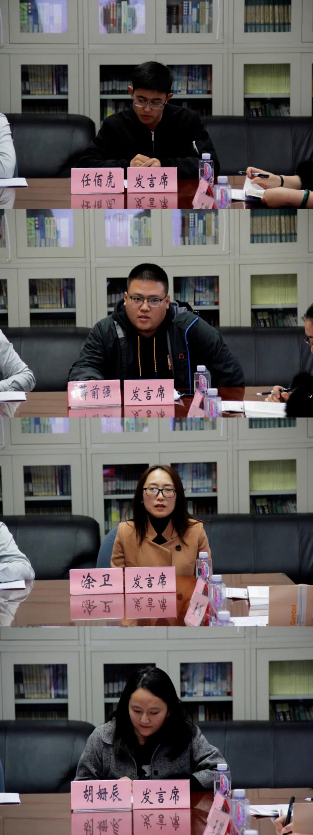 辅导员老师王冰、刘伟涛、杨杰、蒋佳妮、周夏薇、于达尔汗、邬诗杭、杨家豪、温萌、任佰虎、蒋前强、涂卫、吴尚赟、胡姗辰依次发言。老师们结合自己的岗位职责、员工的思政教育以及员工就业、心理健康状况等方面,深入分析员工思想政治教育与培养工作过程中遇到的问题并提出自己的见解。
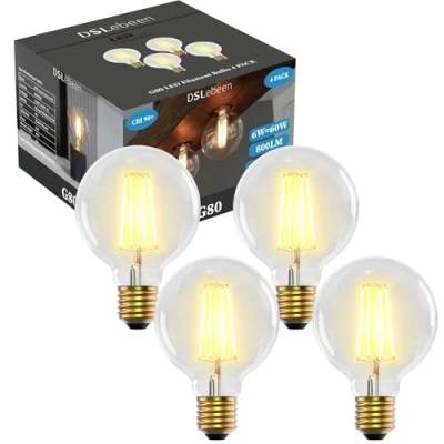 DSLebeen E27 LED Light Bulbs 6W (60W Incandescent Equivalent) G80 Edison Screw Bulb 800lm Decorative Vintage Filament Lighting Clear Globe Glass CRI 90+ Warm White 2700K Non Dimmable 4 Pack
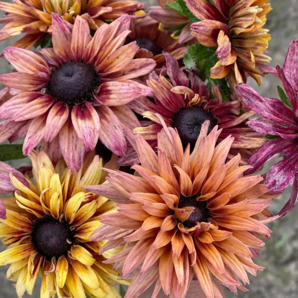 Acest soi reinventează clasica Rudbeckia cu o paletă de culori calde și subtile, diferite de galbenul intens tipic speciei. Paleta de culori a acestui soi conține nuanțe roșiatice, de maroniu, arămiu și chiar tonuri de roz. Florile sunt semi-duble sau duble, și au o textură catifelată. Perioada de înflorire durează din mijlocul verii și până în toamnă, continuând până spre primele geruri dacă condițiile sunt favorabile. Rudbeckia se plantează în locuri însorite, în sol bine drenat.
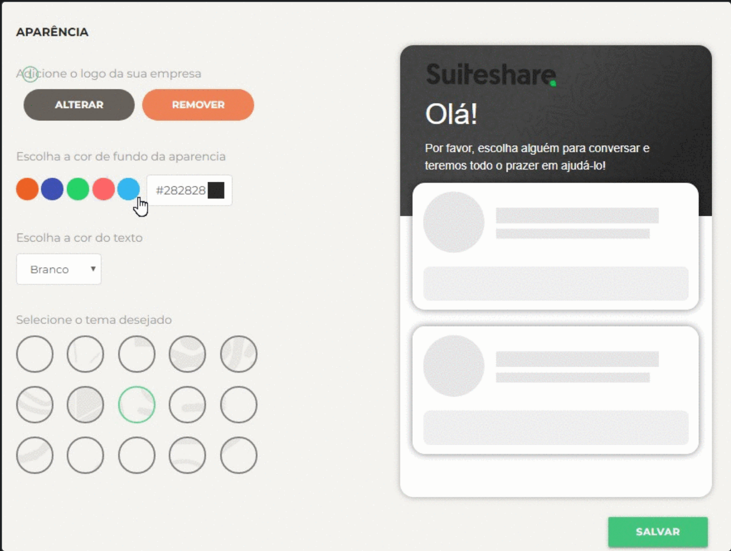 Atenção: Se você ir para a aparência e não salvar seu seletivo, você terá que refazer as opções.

****************

(Task description)
Here the lines from the one containing "DSLebeen E27 LED" through the end of the material are to be copied exactly, with the pictures omitted.

(Written response)
 DSLebeen E27 LED Light Bulbs 6W (60W Incandescent Equivalent) G80 Edison Screw Bulb 800lm Decorative Vintage Filament Lighting Clear Globe Glass CRI 90+ Warm White 2700K Non Dimmable 4 Pack
 Acest soi reinventează clasica Rudbeckia cu o paletă de culori calde și subtile, diferite de galbenul intens tipic speciei. Paleta de culori a acestui soi conține nuanțe roșiatice, de maroniu, arămiu și chiar tonuri de roz. Florile sunt semi-duble sau duble, și au o textură catifelată. Perioada de înflorire durează din mijlocul verii și până în toamnă, continuând până spre primele geruri dacă condițiile sunt favorabile. Rudbeckia se plantează în locuri însorite, în sol bine drenat.
 Atenção: Se você ir para a aparência e não salvar seu seletivo, você terá que refazer as opções.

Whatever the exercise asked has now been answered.